Creating Accountability to Patients: A Response to the Roundtable on Value-Based Agreements

Lili Brillstein, MPH, founder and CEO of Brillstein Collaborative Consulting, and nationally recognized thought leader in the advancement of Episodes of Care, offers a commentary on Exploring Value-Based Agreements for Oncology Care in the US, a roundtable discussion produced by Journal of Clinical Pathways at this year’s ASCO Annual Meeting.


The question Omar Ali poses at the start of the discussion is essentially whether there is a place for value-based care and contracting in oncology.

Oncology diagnoses are among the most complicated to bring into value-based care for many reasons. Oncology is not a single diagnosis, and clear identification of like patients requires data from both the payer and provider. Novel drugs and technology are emerging at lightning speed, sometimes with not much mature information about impact to outcomes, and often with significant cost. Furthermore, one diagnosis may have multiple treatment options, and oncology episodes do not typically subscribe to a standard time period. These complications, which make defining an episode difficult, also drive significant variance among treatments, costs, and outcomes for patients with cancer. The criticality of incorporating the concepts of value-based care and the opportunity to optimize care and costs of care for this population cannot be overemphasized.

Variation in care and cost of care often occur among patients with the same clinical diagnosis. This means that while some patients are getting the most optimal care, others may not be, and the cost of that care may be optimized for some but not others, causing potentially devastating effects for patients and the health care system.

The goal of Episodes of Care—the design model most often used for engaging specialists in value-based care—is to study these kinds of variations in an attempt to optimize the care, patient outcomes, and cost of the care delivered. Dr Vaena’s point about there being a lot of different end points in oncology speaks to the need to stratify patient populations into clinically-alike groups so that providers and others can study those variations among patients who would be expected to have the same or similar outcomes, and ultimately make decisions that would standardize and optimize their care.

Dan Wygal’s discussion about needing to be thoughtful about creating meaningful partnerships, and about focusing on outcomes rather than process, also cannot be overstated. The fee-for-service model is focused on pieces of care delivered by individual practitioners, rather than total care provided to an individual patient. Creating functionally collaborative partnerships across that continuum, where various stakeholders work together to build models that focus on and create accountability for patient outcomes rather than on units of care and costs of care, and that allow providers to then focus on reorganizing their processes to achieve those outcomes, allows the shift toward value to begin. 

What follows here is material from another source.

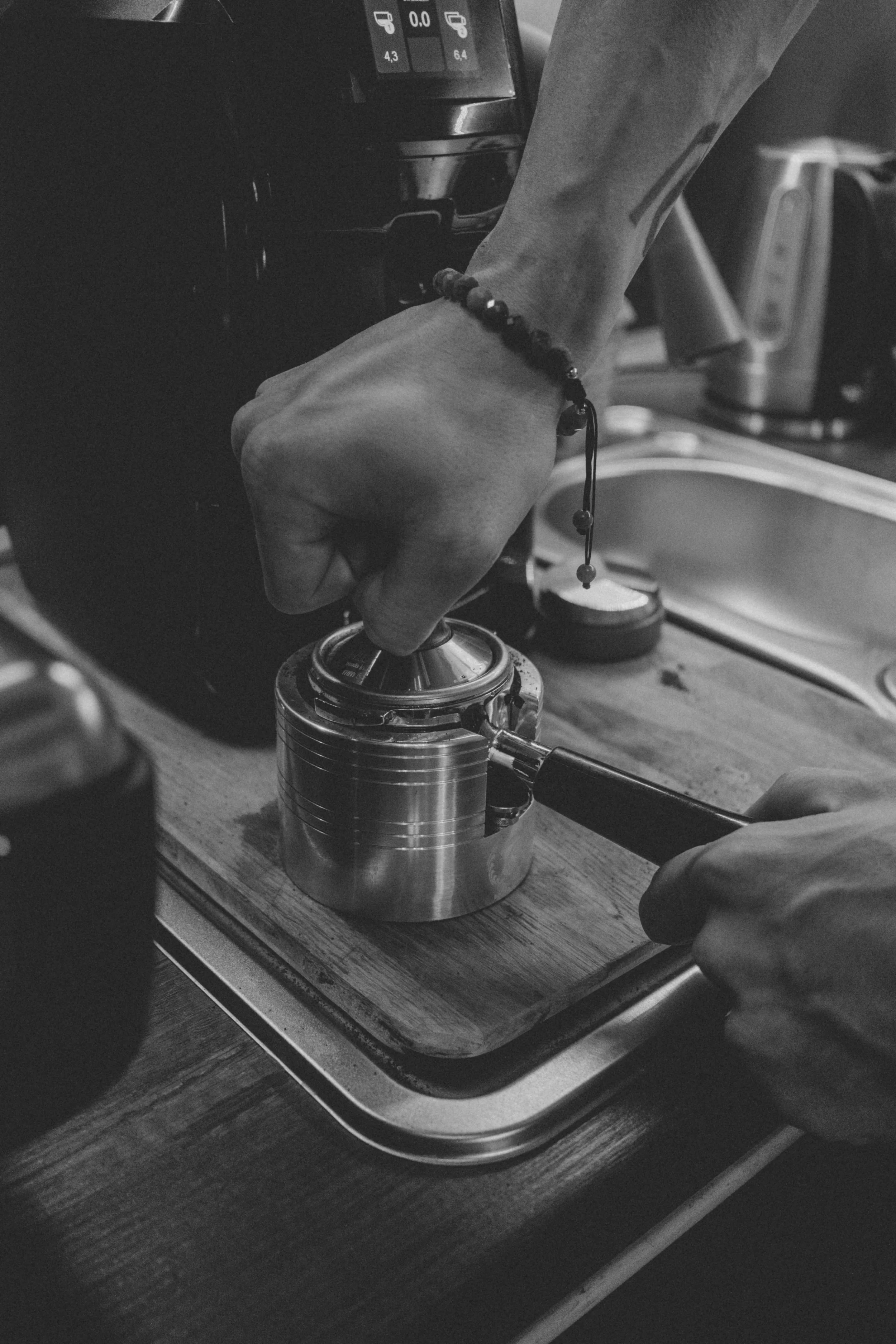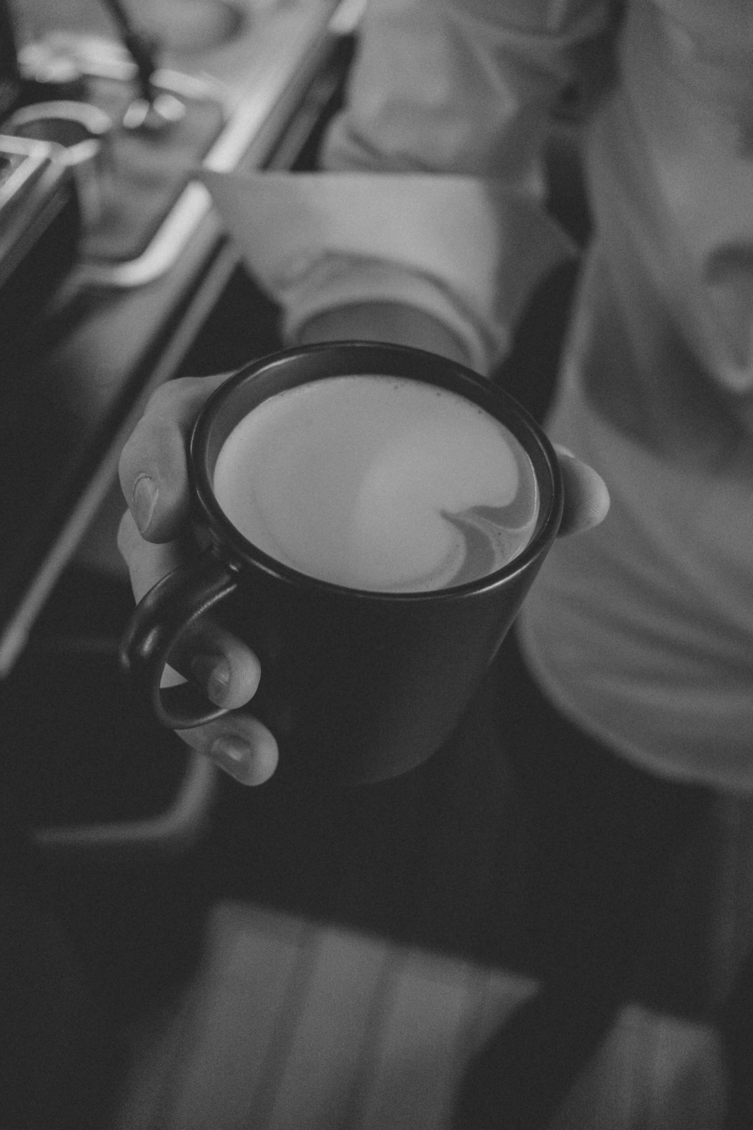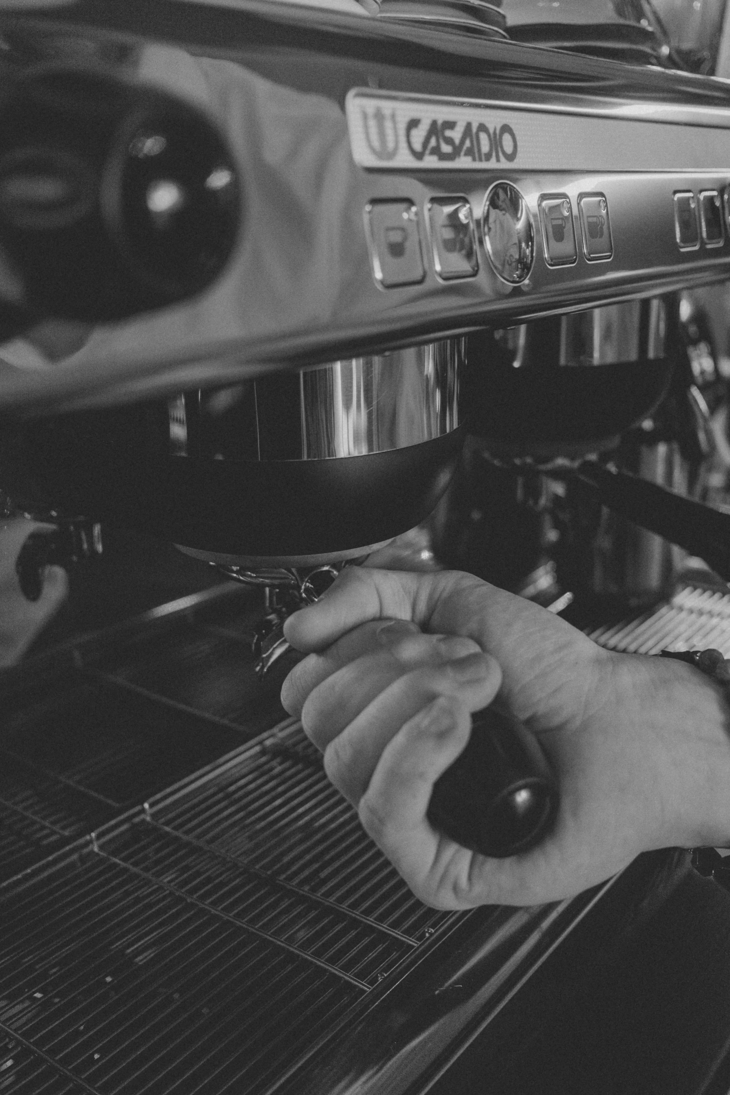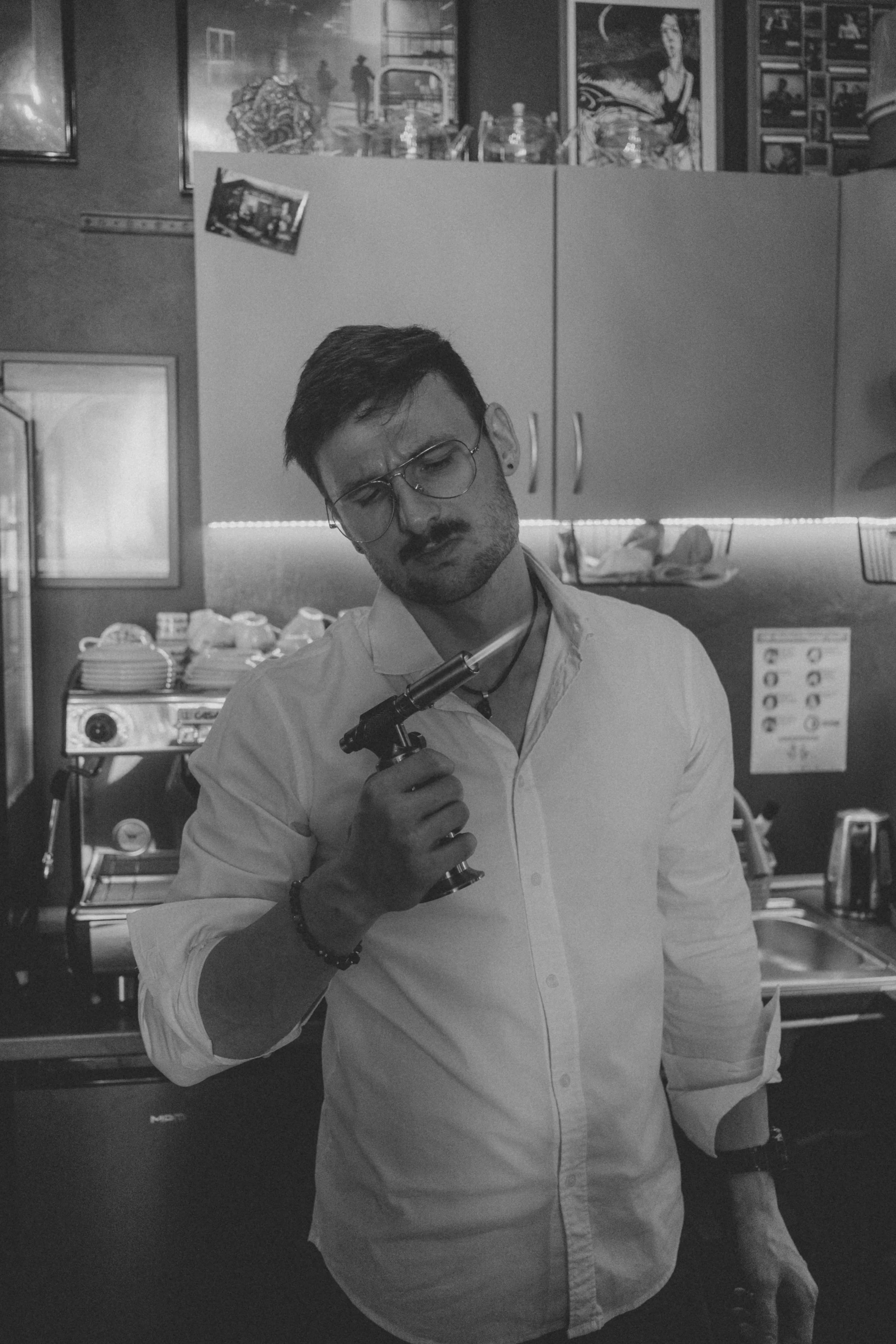 Kilka minut poźniej. Przy barze. Para unosi się filmowo. W tle widać, jak Marek operuje ekspresem. Cappuccino. Rozmawiamy o ...

Dr Hertler raises the importance of determining what “value” means in the context of building a model. This is where bringing all stakeholders to the discussion becomes critically important. Understanding and incorporating the various perspectives around value allows for decisions around end goals and outcomes that takes into account the full view of expectations for a specific population of alike patients. Respectful, collaborative and regular communication among stakeholders is key to success of any value-based model and creates the accountability to the patient that is lacking in fee-for-service.  

Manufacturers have long been interested in figuring out how they become part of the value-based care movement. Astra Zeneca’s partnership with the University of Pittsburgh Medical Center, which ties cardiac outcomes to reimbursement for AstraZeneca’s drug ticagrelor, is a great step in taking real accountability for drug performance and impact on patient outcomes.

Oncology is complicated, and there is a lot of variation in both care delivery and the cost to deliver that care. Accountability to patients is key, and value-based models will help connect health care providers (traditional and non-traditional) across the health care continuum to create that accountability so that patient outcomes and experiences will be optimized as levels of stress and cost are reduced.